> **DATA SECTION**
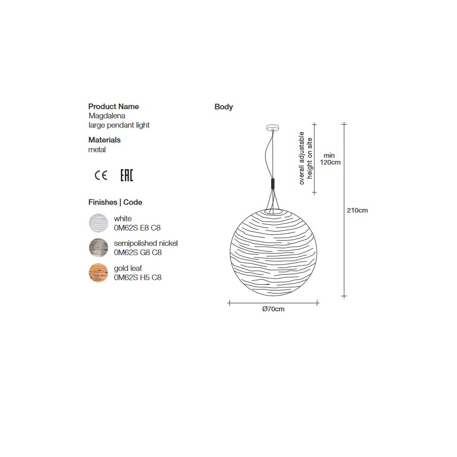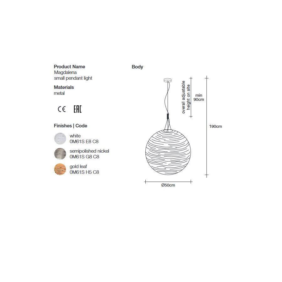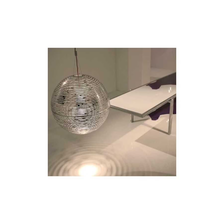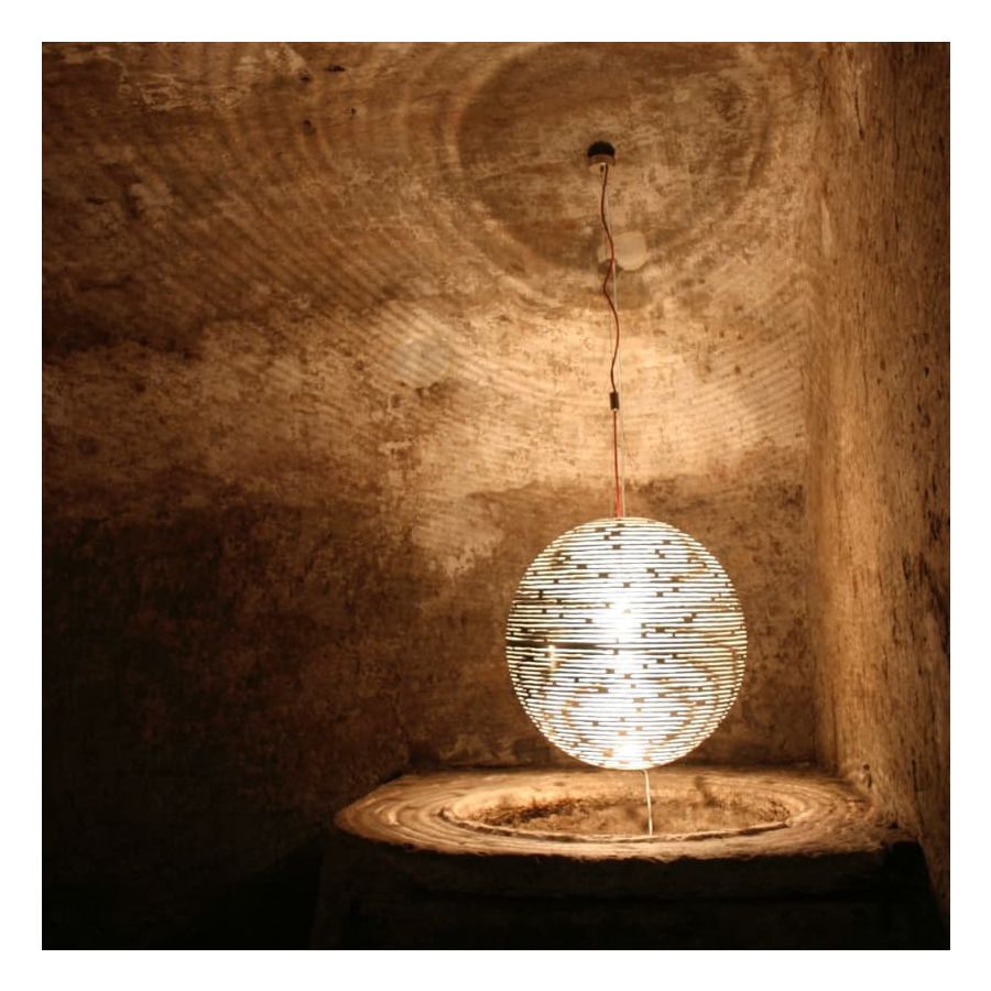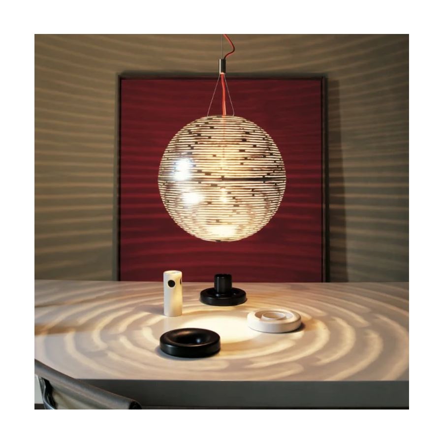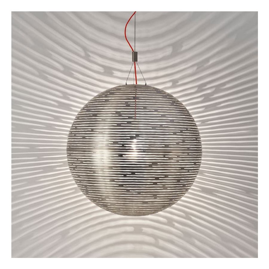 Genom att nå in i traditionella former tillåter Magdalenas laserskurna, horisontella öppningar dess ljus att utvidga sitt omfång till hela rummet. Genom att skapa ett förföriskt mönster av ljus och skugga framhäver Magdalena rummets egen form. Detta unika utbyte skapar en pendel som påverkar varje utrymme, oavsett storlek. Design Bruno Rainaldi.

==

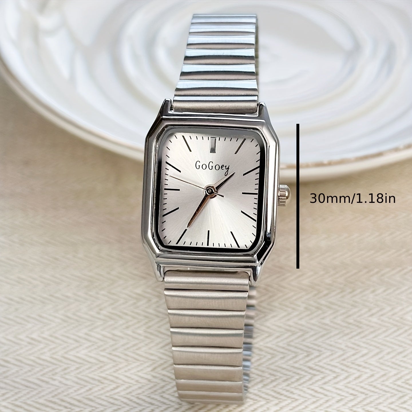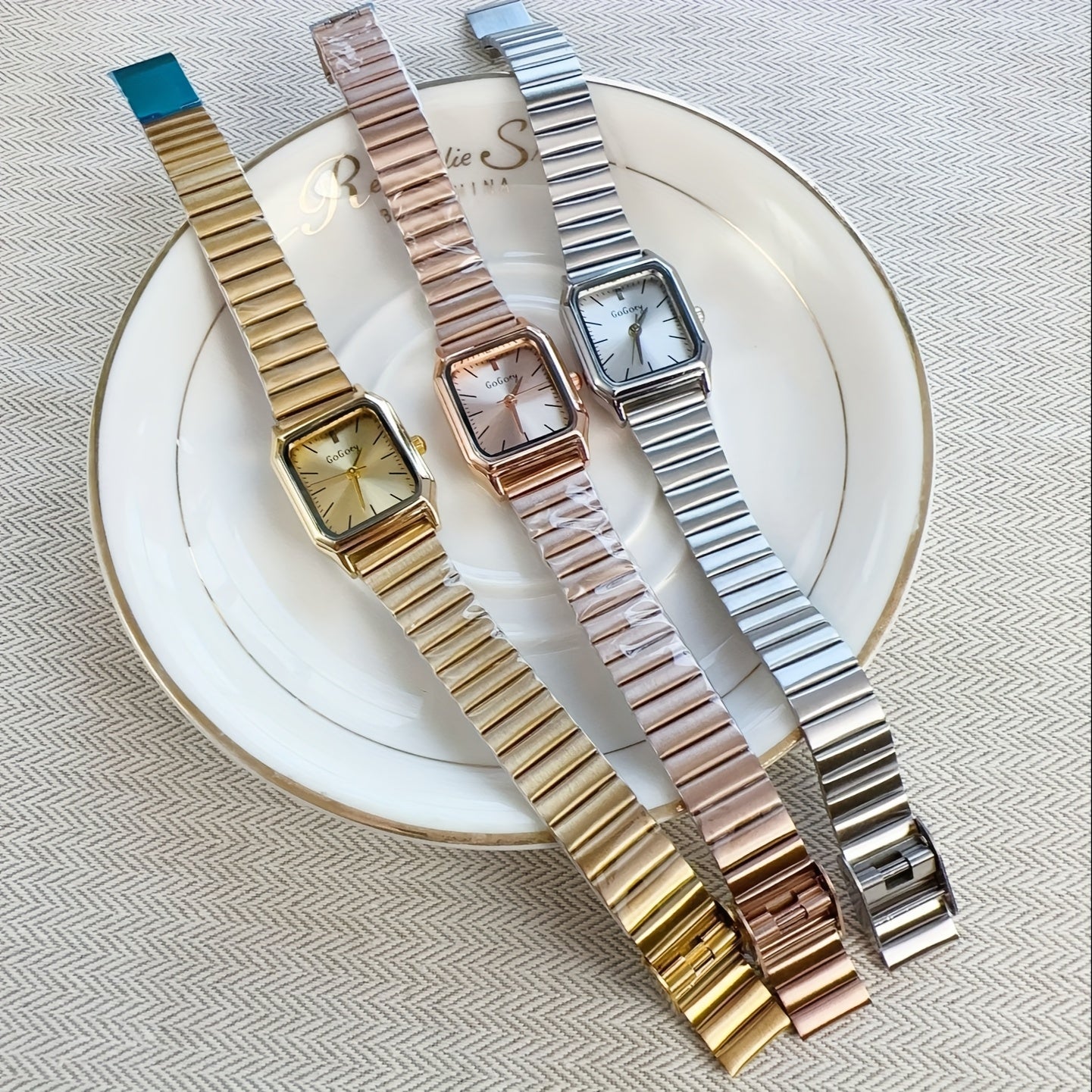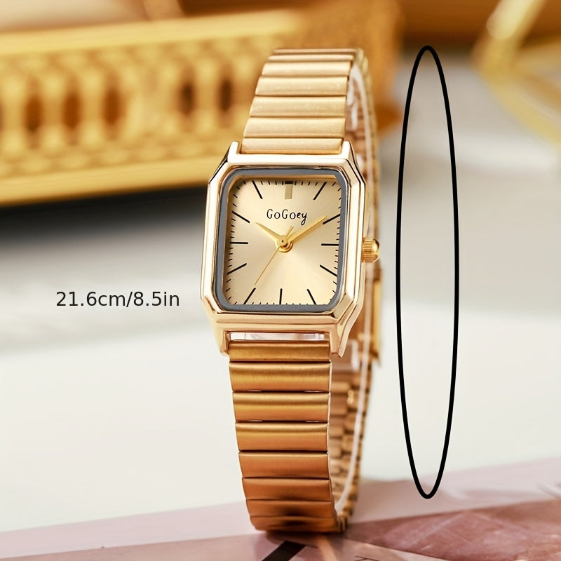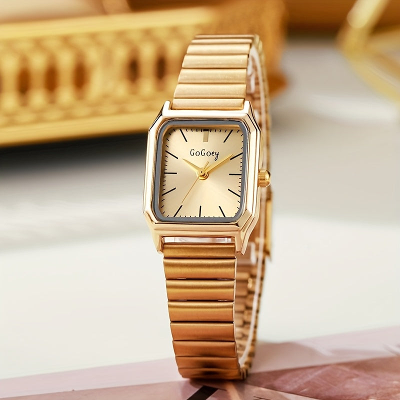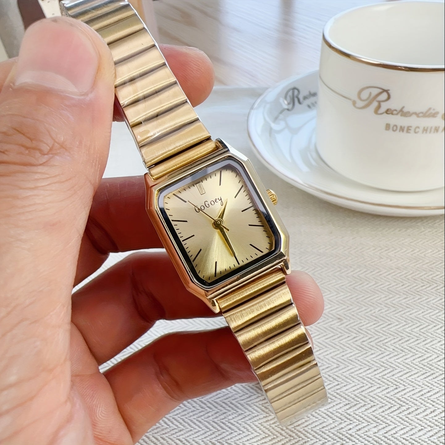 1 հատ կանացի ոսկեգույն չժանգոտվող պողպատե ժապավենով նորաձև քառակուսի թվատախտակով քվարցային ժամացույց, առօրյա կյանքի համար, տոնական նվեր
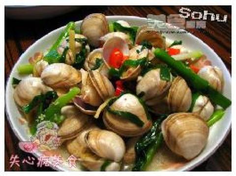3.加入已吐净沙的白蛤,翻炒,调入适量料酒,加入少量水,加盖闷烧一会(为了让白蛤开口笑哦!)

> **TASK GOAL**
Copy out exactly the material that runs from the line with "1 հատ կանացի" to the line with "3.加入已吐净沙的白蛤,翻炒", ends included, and leave the pictures behind.

> **WORKED SOLUTION**
 1 հատ կանացի ոսկեգույն չժանգոտվող պողպատե ժապավենով նորաձև քառակուսի թվատախտակով քվարցային ժամացույց, առօրյա կյանքի համար, տոնական նվեր
3.加入已吐净沙的白蛤,翻炒,调入适量料酒,加入少量水,加盖闷烧一会(为了让白蛤开口笑哦!)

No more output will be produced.